- M-14 highlighted in red

Route information
- Maintained by MDOT
- Length: 22.250 mi (35.808 km)
- Existed: 1956–present

Major junctions
- West end: I-94 near Ann Arbor
- US 23 near Ann Arbor; M-153 near Dixboro;
- East end: I-96 / I-275 near Livonia

Location
- Country: United States
- State: Michigan
- Counties: Washtenaw, Wayne

Highway system
- Michigan State Trunkline Highway System; Interstate; US; State; Byways;
| ← Conn. M-13 |  | → M-15 |

= M-14 (Michigan highway) =

State highway in Washtenaw and Wayne counties in Michigan, United States

M-14 is an east–west state trunkline highway in the southeastern portion of the US state of Michigan. Entirely freeway, it runs for 22.250 mi to connect Ann Arbor with Detroit by way of a connection with Interstate 96 (I-96). The western terminus is at a partial interchange with I-94 west of Ann Arbor. From there, the freeway curves around the north side of Ann Arbor and runs concurrently with US Highway 23 (US 23). East of that section, M-14 passes through woodlands and fields in Washtenaw County. In Wayne County, the freeway returns to a suburban area of mixed residential neighborhoods and light industrial areas. It crosses two different rivers and a pair of rail lines as it approaches Detroit's inner suburbs, where it terminates at an interchange between I-96 and I-275.

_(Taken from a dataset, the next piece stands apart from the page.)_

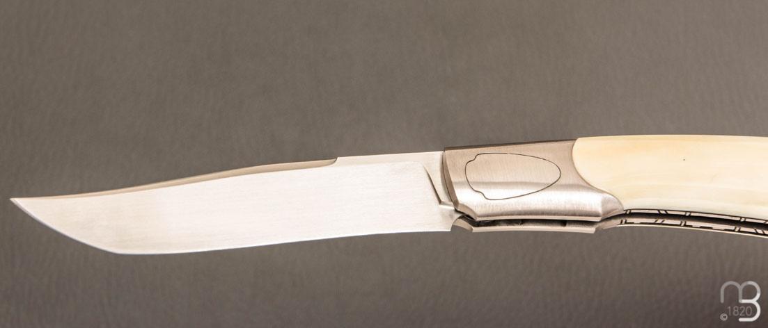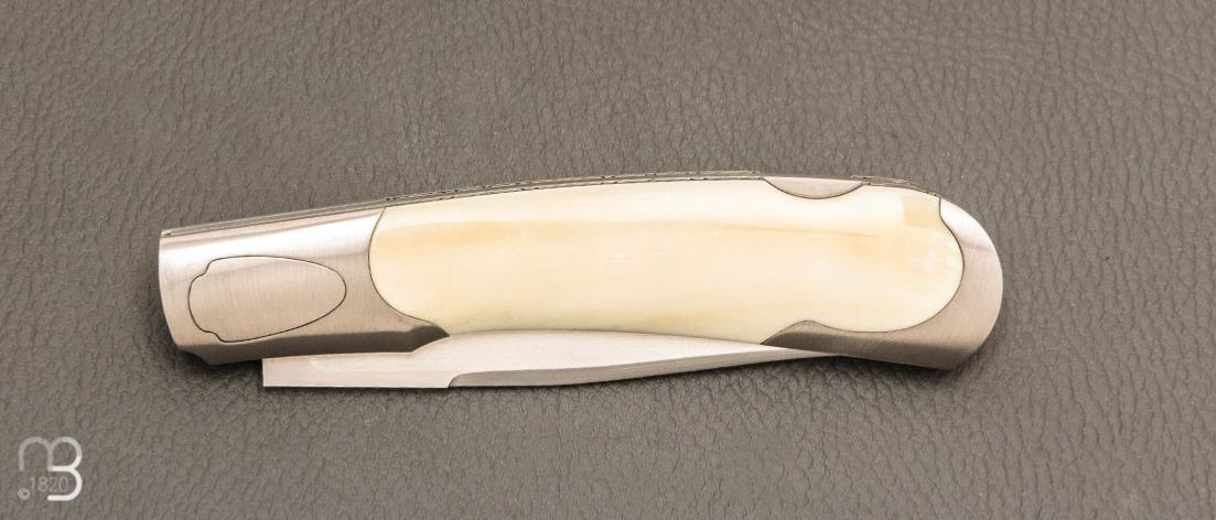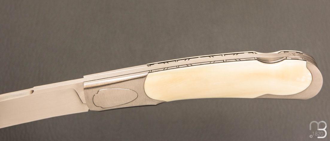 •  Couteau " Legend LockBack " pliant artisanal de Cyril Kalisz - Ivoire de phacochère et RWL34

When the state's highway system was first signed in 1919, there was a different M-14 that ran the length of the Lower Peninsula of Michigan. This was later replaced by a pair of different US Highways in the 1920s and 1930s. Another M-14 was designated that lasted until the 1940s. The current highway dates back to 1956 when it was designated along a series of roads that previously carried US 12. During the 1960s and 1970s, M-14 was moved to the freeway alignment it currently uses; sections of the former route are still maintained by the Michigan Department of Transportation (MDOT) as unsigned highways.

==Route description==
The western terminus of M-14 is west of Ann Arbor, at exit 171 on I-94. This is a partial interchange; only traffic from eastbound I-94 can access eastbound M-14, and traffic from westbound M-14 must follow westbound I-94. From this junction, M-14 runs northeasterly through suburban Scio Township. The freeway is bordered by residential subdivisions to the southeast and woodlands to the northwest. M-14 curves around to the east through an interchange that has ramps that connect Miller and Maple roads; the ramps connect to Maple Road through a pair of roundabouts. As it approaches the Huron River, the freeway has an interchange with Business US 23 (Bus. US 23); the two highways merge and run concurrently to the north over the river. Bus. US 23/M-14 then has an unusual right-in/right-out interchange that uses short connector roads to provide access to Barton Drive on the north side of the river. The freeway then continues north to an interchange with US 23. The business loop ends there, and M-14 turns eastward to follow the US 23 freeway around the north side of Ann Arbor.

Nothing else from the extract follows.